__Task instructions__
Nothing but the lines from the start of the entries through the line holding "ファンタジー風あだ名 | 『エターナルキリカブサクゾウー』 |" is to be repeated, exactly and with pictures excluded.

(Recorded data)
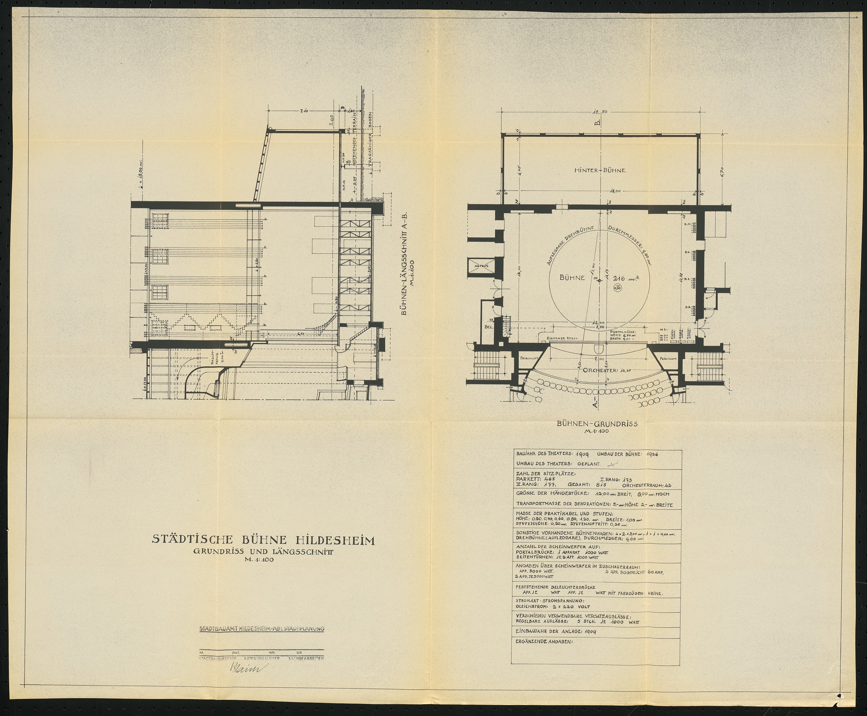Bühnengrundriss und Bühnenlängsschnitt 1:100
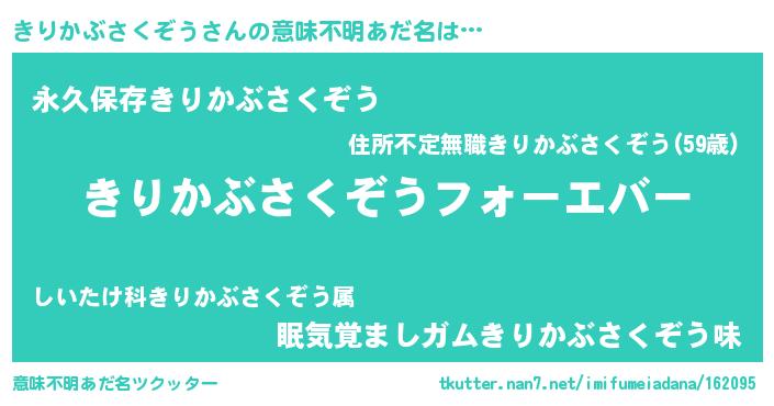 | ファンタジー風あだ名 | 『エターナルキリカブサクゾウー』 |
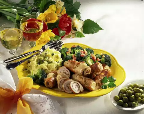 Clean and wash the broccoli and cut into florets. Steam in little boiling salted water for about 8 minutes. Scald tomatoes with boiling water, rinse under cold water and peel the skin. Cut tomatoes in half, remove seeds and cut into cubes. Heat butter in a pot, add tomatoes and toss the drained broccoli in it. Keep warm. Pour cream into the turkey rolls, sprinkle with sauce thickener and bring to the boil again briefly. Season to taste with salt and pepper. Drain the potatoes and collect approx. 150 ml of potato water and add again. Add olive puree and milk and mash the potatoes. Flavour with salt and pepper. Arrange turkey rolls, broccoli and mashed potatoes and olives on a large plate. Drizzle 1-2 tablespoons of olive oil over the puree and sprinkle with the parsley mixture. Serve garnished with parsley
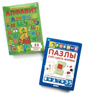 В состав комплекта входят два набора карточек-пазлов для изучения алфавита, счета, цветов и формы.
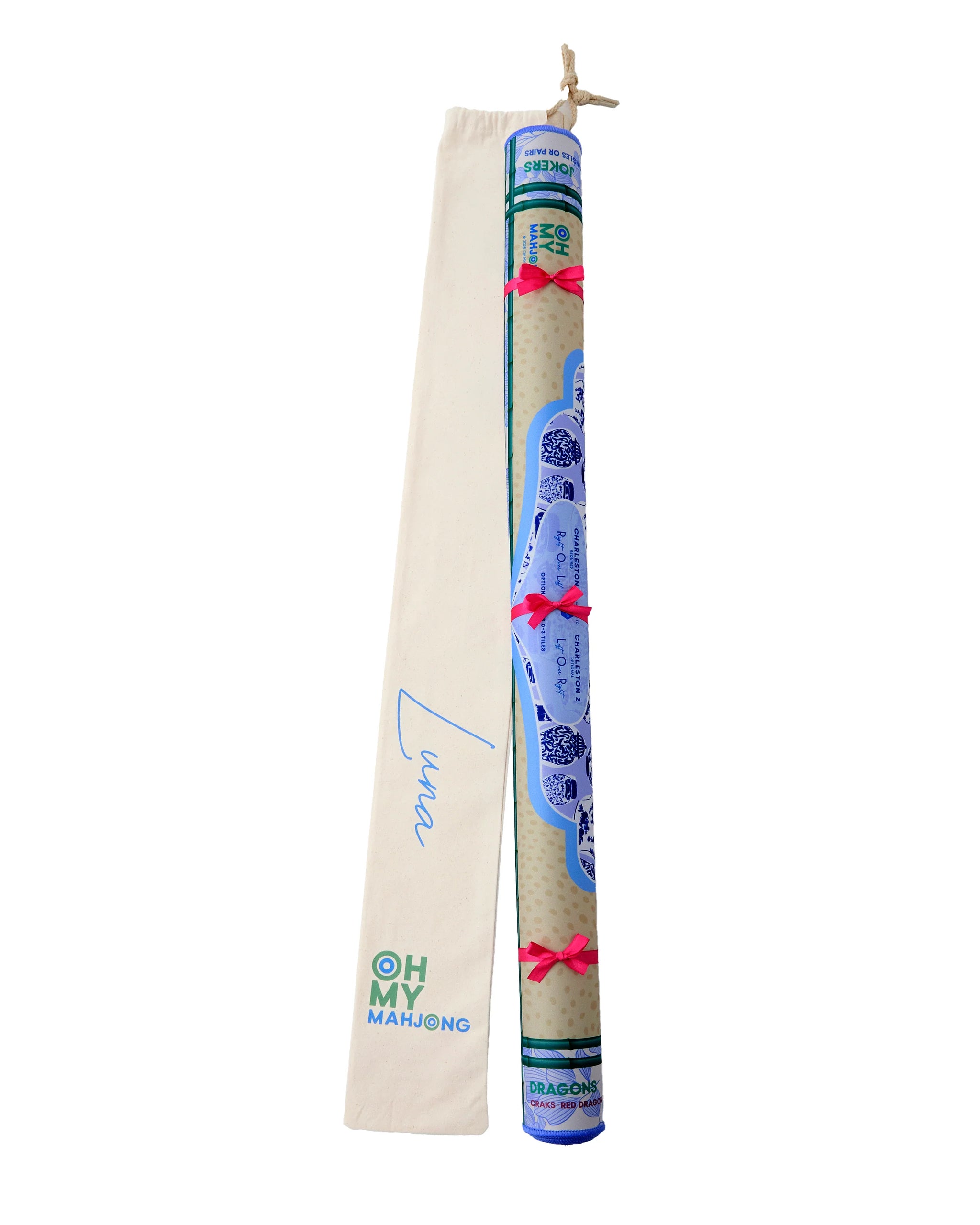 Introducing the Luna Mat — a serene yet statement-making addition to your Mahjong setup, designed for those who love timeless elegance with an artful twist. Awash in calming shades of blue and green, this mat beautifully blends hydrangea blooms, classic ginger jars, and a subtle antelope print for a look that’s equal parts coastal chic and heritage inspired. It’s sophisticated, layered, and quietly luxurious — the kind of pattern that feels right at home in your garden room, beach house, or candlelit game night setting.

__Task response__
Bühnengrundriss und Bühnenlängsschnitt 1:100
 | ファンタジー風あだ名 | 『エターナルキリカブサクゾウー』 |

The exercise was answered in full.